Wednesday, 25 March 2009

Not ‘same old’ Northern Ireland: nothing will change until we do

Many thought this story was over and the book back on the shelf.
Some didn’t think as much as hope that this would be the case.
But with one police constable and two soldiers dead to dissident republican fire over the last few weeks, the illusion is well and truly shattered.

Of course there are the cynics who claim that there will never be a perfect peace in Northern Ireland. A bit like the Guardian’s Henry McDonald who claims that Ireland will forever have ‘occasional terrorist outages’ – in one sentence dismissing a decade’s worth of peace efforts, the dissidents’ desperate passion and the heart-wrenching misery each death brings.
Not cool, mr McDonald.

Sapper Mark Quinsey was buried last week. He was 23. Sapper Patrick Azminkar, also killed at Massereene army barracks in Antrim, was 21. Speaking of terrorist outages is disrespectful to say the least. It is also misleading, treating the violence like something incidental yet entrenched, marginal yet inevitable.

And yesterday a 17-year old was charged with the murder of police constable Stephen Carroll. The teenager, suspected of membership of the Continuity IRA, is too young to be named but not too young to possess an AKM assault rifle and shoot a man in the back of the head.
To speak of terrorist outages is to trivialise the deaths and to underestimate what it is that makes a 17-year-old take up arms.

11 years after the Good Friday accord, three years into power-sharing and people still join the militants, despite the IRA ceasefire.
Yet the voices urging us all not to allow the violence to derail the peace process are loud. The voices suggesting this is how things are in Northern Ireland and we shall move on regardless are loud.
But what if they are wrong?

Three people died over the past few weeks.
The IRA fights no more but the Real IRA and Continuity IRA do. We can choose to ignore this or we can choose to acknowledge that not all is well in the State of Denmark.

Martin McGuinness, former IRA bigwig turned peacemaker, denounced those behind the attacks as "traitors" to the people of Ireland. I’m sure they consider him a traitor to their cause too. In every conflict, each side has its own truth. The more sides there are, the more truths there are, the harder the conflict is to resolve.

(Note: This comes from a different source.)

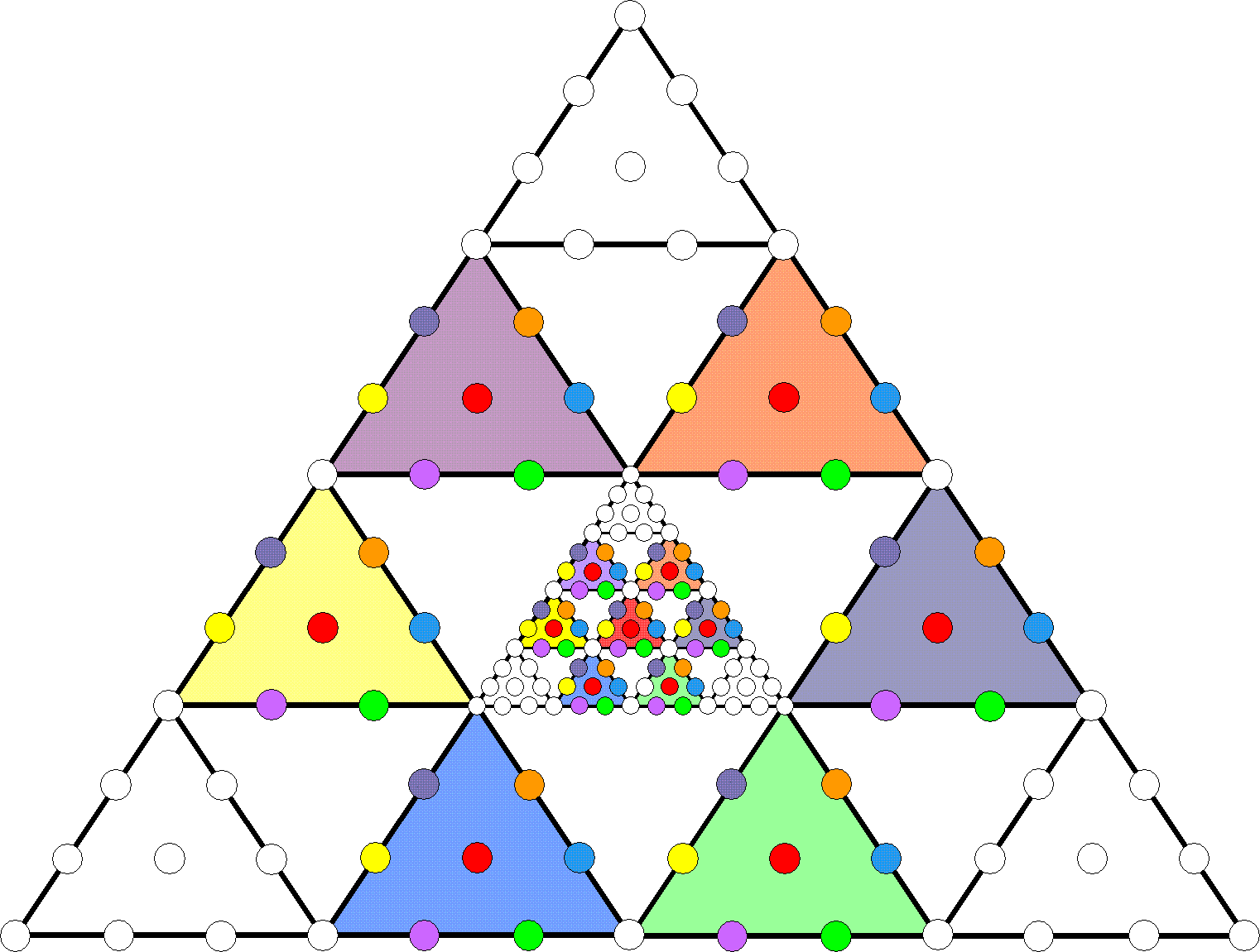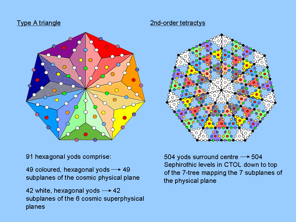 A symbol of the seven-fold nature of Man and the seven Sephiroth of the spiritual cosmos, the heptagon has 91 hexagonal yods when its sectors are Type A triangles. Each denotes one of the subplanes of the seven cosmic planes of consciousness and one of the Trees of Life in CTOL. The 49 coloured, hexagonal yods either at the centres of tetractyses or lining their sides denote the 49 Trees of the 49-tree that maps the cosmic physical plane; the 42 white hexagonal yods on sides of tetractyses inside each sector of the heptagon denote the 42 Trees of Life above the 49-tree that map the 42 subplanes of the six cosmic superphysical planes. This is the single, polygonal representation of CTOL.

Mr McGuinness changed his mind regarding his own particular truth. But not everyone in Ireland accepts that unification is no longer on the cards. And the fact that, if put to a referendum, the motion of unification would be defeated in Northern Ireland due to demographic realities on the ground is not enough to change the hearts and turn the heads of those who are prepared to take up arms in the name of a cause – even a lost cause.

I don’t pretend to know what goes on in the heads of people who opt for violence in the defence of an idea. I don’t know how the brain gets to the conclusion that putting oneself in harm’s way and inflicting hurt on others is the way forward on a particular question.
But I know that for as long as these thoughts are being thought and for as long as we do not understand them, whatever solution we offer will leave some people dissatisfied. And if those people are the ones who are willing and able to take up arms to protest their dissatisfaction, then we have a problem that cannot be dismissed through sanitised language, describing murder as ‘terrorist outages’, destruction as ‘violent incidents’ and the, small-scale but undeniable, re-militarisation of northern Ireland’s youth as ‘statistically insignificant’.

And comparisons won’t help either.
Comparing Northern Ireland to the Basque country obfuscates the problem. The history and socio-economic background of the conflicts could not be more different. Same goes for their demands: ETA wants the Basque country to break away, most IRA offshoots want Ireland to unite. That’s a pretty big difference if you ask me.
Where the two resemble each other is in that the people living in the areas affected are far from unanimously behind the idea of independence or unity – and even those who share the vision and understand the sentiments are getting increasingly fed up with the violence.

But the thing about violence is that ignoring it never makes it go away.

The peace process should not be derailed by the violence, is the chorus coming out of both Stormont and Westminster.
And that is right.
But the peace process cannot afford to ignore the violence either.

Their goal may be utopian, their ranks may be depleted but the militants who don’t buy into the power-sharing experiment in Northern Ireland are still around and not sitting tight.

McGuinness can accuse them of betraying their people all he likes – chances are that’s exactly what they think of him as well.
And the problem is that they are ‘the people’ as much as McGuinness is. They are ‘the people’ as much as those embracing the peace process are.
And ‘the people’ remain divided. So the peace process remains shaky. And hard work is still needed. And a perfect peace is still a way away. And the ability to take peace for granted further still.

But the greatest enemy of a perfect peace, that can be taken for granted as ‘the way things are’, is not the violence right now. It’s the people who tell us that violence in Northern Ireland is inevitable. It’s the people who think the way things always were is the way things will always be.
It’s the people who cannot believe in a perfect peace even though they are working towards it.